◆ WHAT YOU HAVE TO DO: Please take the records that follow and repeat exactly the lines starting with the line with "Zu Hause hab" and going on through the line with "Världens finaste handstickade".

◆ AVAILABLE DATA:
──────────────────────────────

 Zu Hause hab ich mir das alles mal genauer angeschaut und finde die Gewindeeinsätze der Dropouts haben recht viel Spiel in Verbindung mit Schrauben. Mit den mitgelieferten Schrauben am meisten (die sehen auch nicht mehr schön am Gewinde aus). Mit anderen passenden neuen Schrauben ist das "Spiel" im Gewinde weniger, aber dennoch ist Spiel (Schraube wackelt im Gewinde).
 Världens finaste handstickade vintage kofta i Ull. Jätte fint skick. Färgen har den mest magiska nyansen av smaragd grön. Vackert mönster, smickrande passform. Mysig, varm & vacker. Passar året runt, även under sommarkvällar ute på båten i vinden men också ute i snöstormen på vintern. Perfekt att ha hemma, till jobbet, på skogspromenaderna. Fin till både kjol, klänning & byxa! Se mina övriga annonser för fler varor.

──────────────────────────────

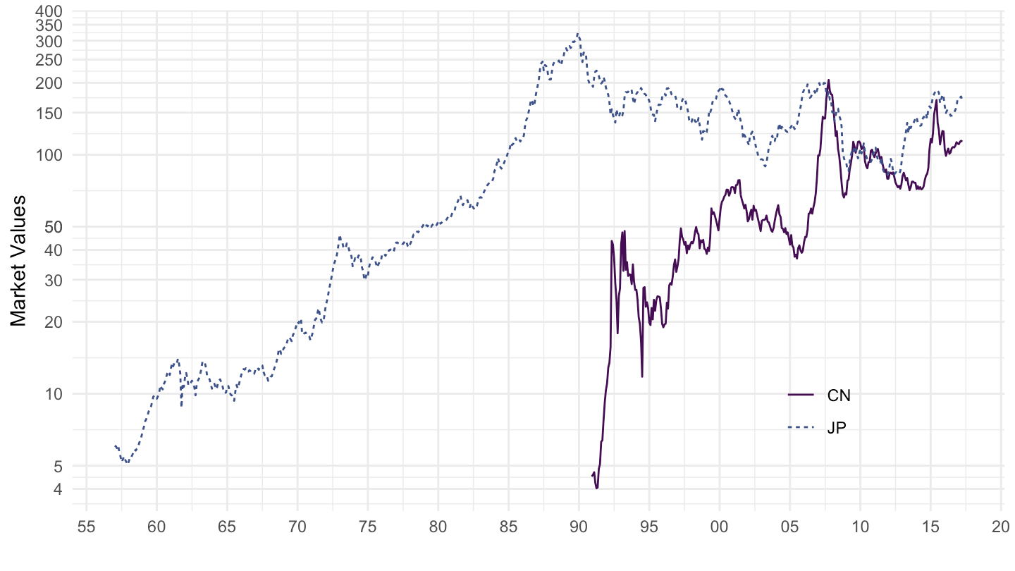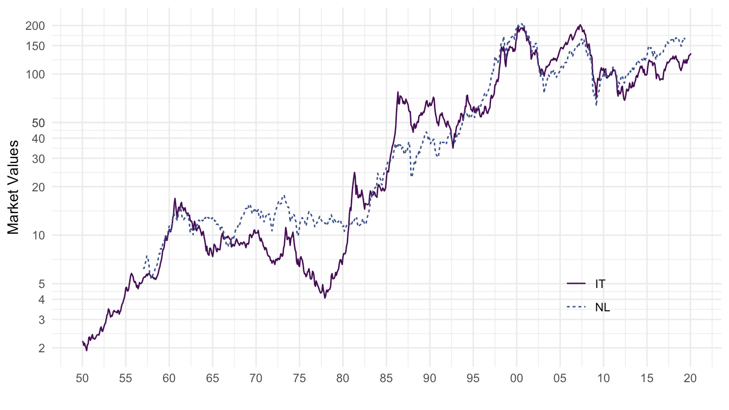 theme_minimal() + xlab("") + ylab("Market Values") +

──────────────────────────────

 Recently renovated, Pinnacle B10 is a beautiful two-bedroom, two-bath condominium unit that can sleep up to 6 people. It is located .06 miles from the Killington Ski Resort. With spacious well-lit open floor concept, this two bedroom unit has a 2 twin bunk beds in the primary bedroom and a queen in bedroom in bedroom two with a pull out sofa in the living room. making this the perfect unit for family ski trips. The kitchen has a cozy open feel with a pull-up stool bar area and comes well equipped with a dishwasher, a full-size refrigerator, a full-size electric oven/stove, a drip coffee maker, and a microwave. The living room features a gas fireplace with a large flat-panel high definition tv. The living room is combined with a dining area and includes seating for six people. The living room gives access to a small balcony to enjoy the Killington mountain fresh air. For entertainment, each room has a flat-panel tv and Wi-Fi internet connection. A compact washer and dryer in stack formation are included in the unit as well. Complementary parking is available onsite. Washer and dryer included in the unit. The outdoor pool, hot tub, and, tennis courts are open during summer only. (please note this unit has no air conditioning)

──────────────────────────────

◆ YOUR RESPONSE:
 Zu Hause hab ich mir das alles mal genauer angeschaut und finde die Gewindeeinsätze der Dropouts haben recht viel Spiel in Verbindung mit Schrauben. Mit den mitgelieferten Schrauben am meisten (die sehen auch nicht mehr schön am Gewinde aus). Mit anderen passenden neuen Schrauben ist das "Spiel" im Gewinde weniger, aber dennoch ist Spiel (Schraube wackelt im Gewinde).
 Världens finaste handstickade vintage kofta i Ull. Jätte fint skick. Färgen har den mest magiska nyansen av smaragd grön. Vackert mönster, smickrande passform. Mysig, varm & vacker. Passar året runt, även under sommarkvällar ute på båten i vinden men också ute i snöstormen på vintern. Perfekt att ha hemma, till jobbet, på skogspromenaderna. Fin till både kjol, klänning & byxa! Se mina övriga annonser för fler varor.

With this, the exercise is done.